The reason we used this operator is because the data for f2healthstat is nominal so we need to use this operator to convert the nominal data to numerical. After that only we can continue with the clustering since K-Means requires numerical data.
To create clusters, we used the Clustering operator (K-Means). The number of clusters was set to 6 since the optimum k-value suggested is 6 after calculating using the three different methods as stated previously which are Elbow method, Silhouette score and Davies Bouldin score. As for measure type, we are using Euclidean.
We used the performance to calculate the clusters performance by using Davies Bouldin Score. The criterion was set to average within centroid since we are doing K-Means and K-Means are using centroid. Besides, we also maximize the result. This is because if we do not maximize the result, the result will be in negative. Since we are going to observe Davies Bouldin Score, we decided to make the result positive.
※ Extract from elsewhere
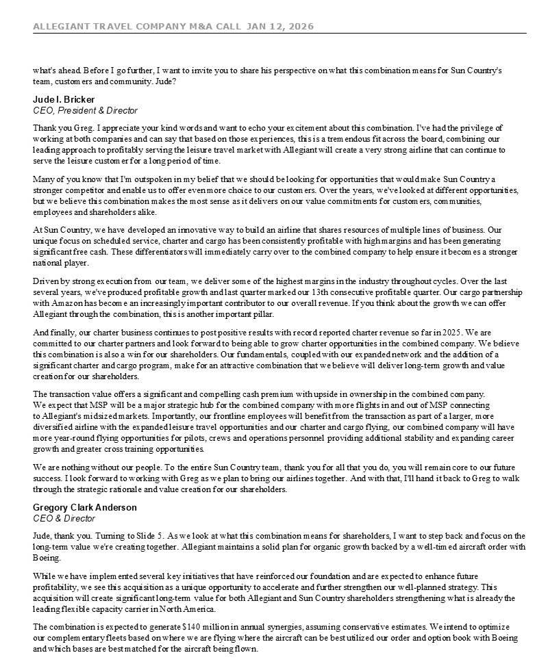 ALLEGIANT TRAVEL COMPANY M&A CALL JAN 12, 2026 3 Call

Meanwhile, to visualize the clusters, we used the cluster model visualizer operator.
First we retrieved dataset that will be used for this agglomerative clustering by using the Retrieve operator as shown below.
Before continuing with the clustering, we selected only required attributes. The attributes under the "Selected Attributes" columns are attributes that will be used in this clustering.
To create the clusters, we are using the Clustering (Agglomerative Clustering) operator. The mode was set to SingleLink since we decided to do single link agglomerative. The measures types was set to MixedMeasures because f2healthstat is nominal and not munerical. Lastly, for measurement we used MixedEuclideanDistance.